Molecular studies of ion channel function have primarily focused on the proteins themselves or on their interactions with other proteins or ions. G protein-gated K channels (KG) for example are thought to be directly activated by the betagamma subunits of GTP binding proteins (Gbetagamma subunits). Current models of KG channel activation involve G protein subunit separation (which renders them active) and interaction with the channel subunits. Our preliminary results suggest that the Gbetagamma subunit/KG channel interaction requires the presence of PIP2 in the membrane in order to manifest its effects on channel activity. This surprising result is accompanied by other effects directly attributable to PIP2, such as the MgATP-dependent sensitization of KG channels to gating by internal Na ions and possibly the MgATP-dependent rundown of G protein stimulation of KG channel activity. These results together with two recent reports on the related inwardly rectifying channel KATP and on the Na / Ca transporter (but not on Na channels or Na / K pumps) herald the potential of an unexplored area of research, crucial to the functional integrity of membrane proteins. Our proposal aims to study in detail the effects of lipids, and in particular phospholipids on KG channel function. The experiments outlined will test further the molecular basis and significance of the PIP2 effects on KG channel activity and the dependence of G protein subunit KG channel activation on the presence of PIP2. It has been proposed that the lipid effects are electrostatic in nature. We will test this hypothesis and seek to identify the basic residues in the channel sequence constituting sites of interaction with the anionic phospholipids. Phospholipids of the phosphoinositide cycle allow dynamic participation of lipids in signaling. We believe that a better appreciation of the molecular details of KG channel function afforded by this study will allow more successful manipulation of this atrial channel in the control of supraventricular arrhythmias. For example, our recent discovery of the MgATP-dependent sensitization of the atrial KG channel (KACh) to gating by internal Na ions allowed us to demonstrate that digitalis treatment causes atrial cells to activate KACh (due to the Na accumulation it causes), providing an important link to the long known effects of this drug on supraventricular rhythm.

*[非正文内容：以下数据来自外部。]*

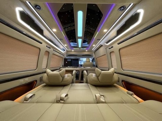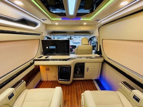 基本上9座的改动座椅排列的是2.2.2.3的设计,其中4张座椅为高级的航空座椅,座椅加热。通风。座椅按摩以及腿托,可以说是功能齐全了,也可以安装进口原装的埃尔法座椅,内饰可以加装全真皮的包覆,这样也可以方便您的日常打理。

离子通道功能的分子研究主要集中在 蛋白质本身或它们与其他蛋白质的相互作用， 离子。 例如，G蛋白门控K通道（KG）被认为是 由GTP结合蛋白的β γ亚基直接激活 （Gbetagamma亚单位）。 KG通道激活的当前模型涉及 G蛋白亚基分离（使其具有活性）和相互作用 与通道子单元。我们的初步结果表明， γ亚单位/KG通道相互作用需要PIP 2的存在 在膜中，以显示其对通道活性的影响。 这一令人惊讶的结果直接伴随着其他效应 可归因于PIP 2，例如KG的MgATP依赖性致敏作用。 通道的门控内部钠离子和可能的MgATP依赖性 降低G蛋白对KG通道活性的刺激。 这些结果 以及最近两份有关内部整顿的报告 通道KATP和Na / Ca转运蛋白（但不对Na通道或 Na / K泵）预示着一个未开发的研究领域的潜力， 对膜蛋白的功能完整性至关重要。 我们的建议 旨在详细研究脂质的影响，特别是 磷脂对KG通道功能的影响。 概述的实验将 进一步测试PIP 2效应的分子基础和意义 对KG通道活性和G蛋白亚基KG的依赖性 通道激活的PIP 2的存在。已经提出 脂质效应本质上是静电效应。 我们将测试这个 假设，并寻求确定在通道中的基本残留物 序列构成与阴离子相互作用的位点 磷脂 磷脂酰肌醇循环的磷脂允许 脂质在信号传导中的动态参与。 我们相信，一个更好的 了解KG通道功能的分子细节 通过这项研究将允许更成功地操纵这个心房 控制室上性心律失常。 比如说， 我们最近发现心房肌的MgATP依赖性增敏作用 KG通道（KACh）通过内部Na离子门控允许我们 表明洋地黄治疗导致心房细胞激活 KACh（由于它引起的Na积累），提供了一个重要的联系 这种药物对室上性心律的长期影响。